Three weeks ago, I boarded a Eurostar train for a trip from London to Paris. There was something particularly special about traveling before dawn. Seeing a city stretch its limbs after a night’s slumber is something of a secret world: the businesspeople walking with purpose towards their early-morning destinations; the street cleaners wide awake, the noise of their machines breaking the silence; the taxi drivers heading home as their overnight hours come to a close.
Knowing that I would be in an entirely different country before most of the city took its first tea break was exhilarating.

Early morning, London
It’s been 11 years since I took my first extended trip to Europe. I traveled that summer through several different countries, with various friends, for six weeks. Though I was still in my 20s at the time, I felt ancient; I had the sense that I was late to the game of travel, that I had somehow missed the boat, even though I held my precious Eurorail pass firmly in my hand.
Sometimes, I wonder what choices I might have made if I’d indulged my well-known wanderlust sooner in life.
It smacks into me when I’m actually in places I’ve never been: the day before I took the train to Paris, for instance, I walked into a coffee shop that made me nostalgic for the girl I wasn’t, back when I didn’t make the determined choice to travel. As I sat there – in the Four Corners Café – I listened to the baristas talking about parties and hookups and music. I reveled in the vibrancy of their enthusiasm for the messy, sexy pieces of life. I fell a bit in love with them, perhaps, with the whole scene, built to implore others to wander. Yet I recognize that while I can dip into that world for a moment, it is no longer mine; over time, I’ve come to understand that there is discovery, too, in sitting still, in creating a community. I want that, too.

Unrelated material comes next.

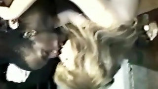 Naughty blond head bitch got her smelly slit eaten by horny African stud on kitchen table

p.s. – The coffee is fantastic
I’m proud that I’ve made travel a permanent fixture in my adult life, and that I’ve made sure that I am comfortable in my own skin as a traveler: that I know how to pack and what to bring, that I know what to throw away and what to save, that I know how to navigate a culture in which I don’t speak the language and how to navigate my own country when it seems like a foreign land. And I am proud, too, that I’ve finally realized the joy that comes with not just being completely untethered but that also comes from knowing where my home is, and when I will return to it.
By the time I got to Paris, I had napped and I had woken; I had watched the sun rise over a field in France, and I had read the bilingual magazine in my seatback pocket cover-to-cover, deciphering the French as best I could before referring to the English section for clarification. And though the city before me was not new, it still was everything I craved.

French sunrise, from a train
I climbed down from the train, carrying with me a mix of all my years: the self-assurance of my 30s, the restlessness of my 20s, the dreams of my teenage days. And – for the girl I once was – I carried the desire for something unknown, which turned out to be the wonderful, expansive, challenging, and beautiful act of simply boarding the train in one country and disembarking in someplace entirely different. Whatever changes may come, that will always remain precious, a gift to myself that I hold dear, in every corner of my wandering heart.